> _To do_:
Begin at the line that has "Chic black mini", stop after the line that has "Der Kongress rund", and print exactly those lines from the records below, without any pictures.
*** Data to process ***
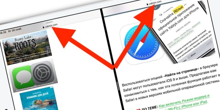 Если вы перетащите объект к краю экрана, то стартует анимация разделения экрана/многозадачности. Открывающееся окно приложения будет зависеть от типа перетаскиваемого элемента. Например, вы можете читать yablyk.com и не покидая сайта перетянув к краю экрана ссылку, открыв в Safari еще одну статью.
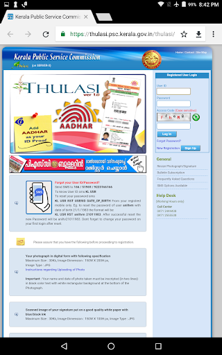 * Kerala psc Thulasi One Time Registration & Login & Notifications
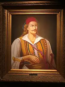 Tousias Botsaris (1792-1827), was a Souliot commander and fighter of the Greek War of Independence. He was the cousin of Markos Botsaris and the grandson of Giorgis Botsaris. He took part in many battles and enjoyed the admiration of Philhellenes.
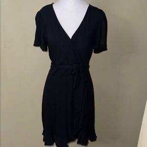 Chic black mini dress with a wrap design. Features a tie waist and ruffled hem. Ideal for versatile styling.
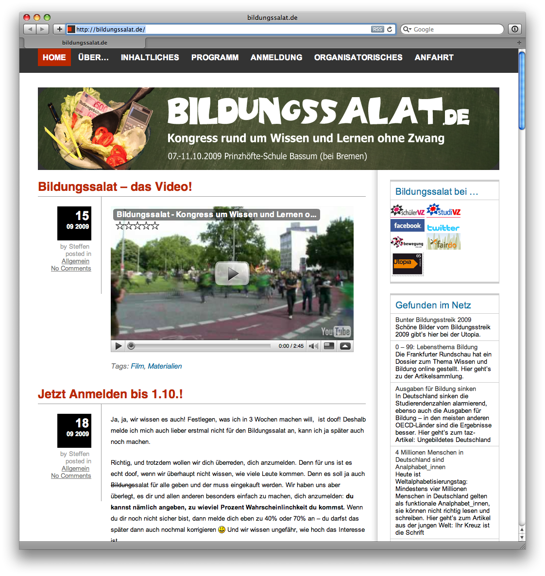 Der Kongress rund um Wissen und Lernen ohne Zwang - Das Herbstspektakel 2009 von JANUN vom 07.10.2009 11.10.2009 in der Prinzhöfte-Schule Bassum[mehr]
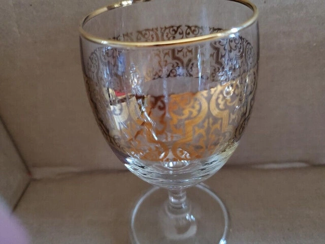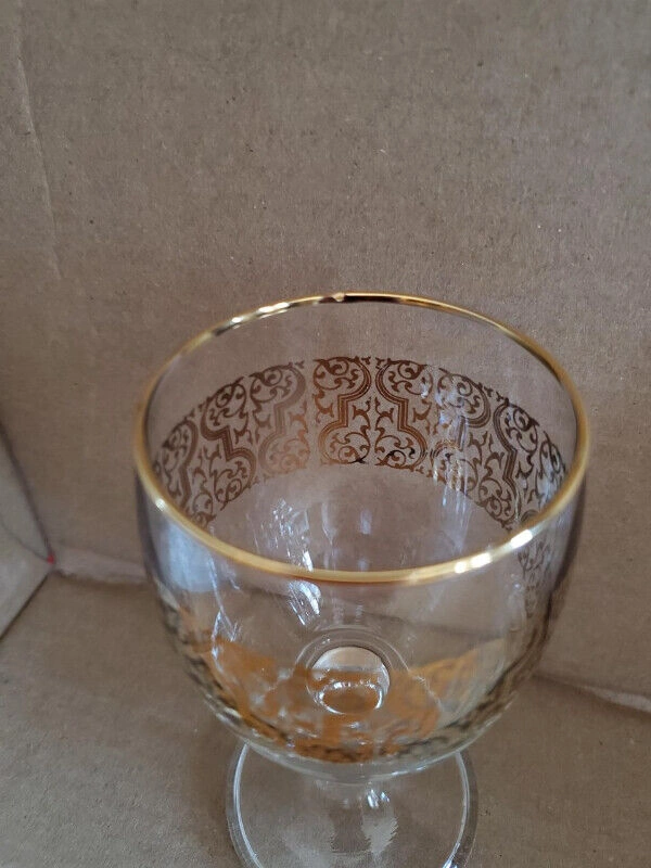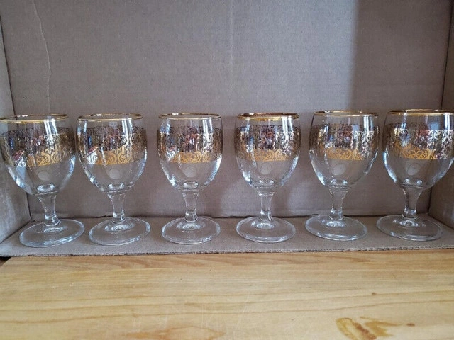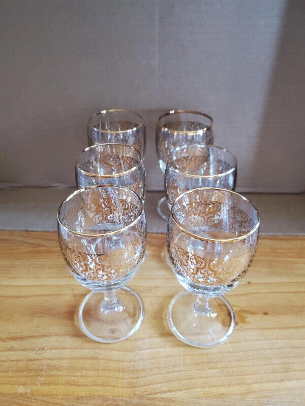 0Lovely set of 6 gold design small glasses. Mid-century modern design, the gold rims and patterns are intact and vibrant without worn spots. Really good vintage condition. Dimensions: 2.5" across, 4.5" high (5.5cm x 11.5cm). $20.00 for the set of six, pick up only.
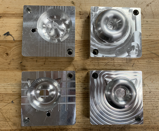 To create the final cat donut, we needed two sets of molds— a cavity and core for both the top and bottom piece.
*** End of Data to process ***
> _Answer to this problem_:
 Chic black mini dress with a wrap design. Features a tie waist and ruffled hem. Ideal for versatile styling.
 Der Kongress rund um Wissen und Lernen ohne Zwang - Das Herbstspektakel 2009 von JANUN vom 07.10.2009 11.10.2009 in der Prinzhöfte-Schule Bassum[mehr]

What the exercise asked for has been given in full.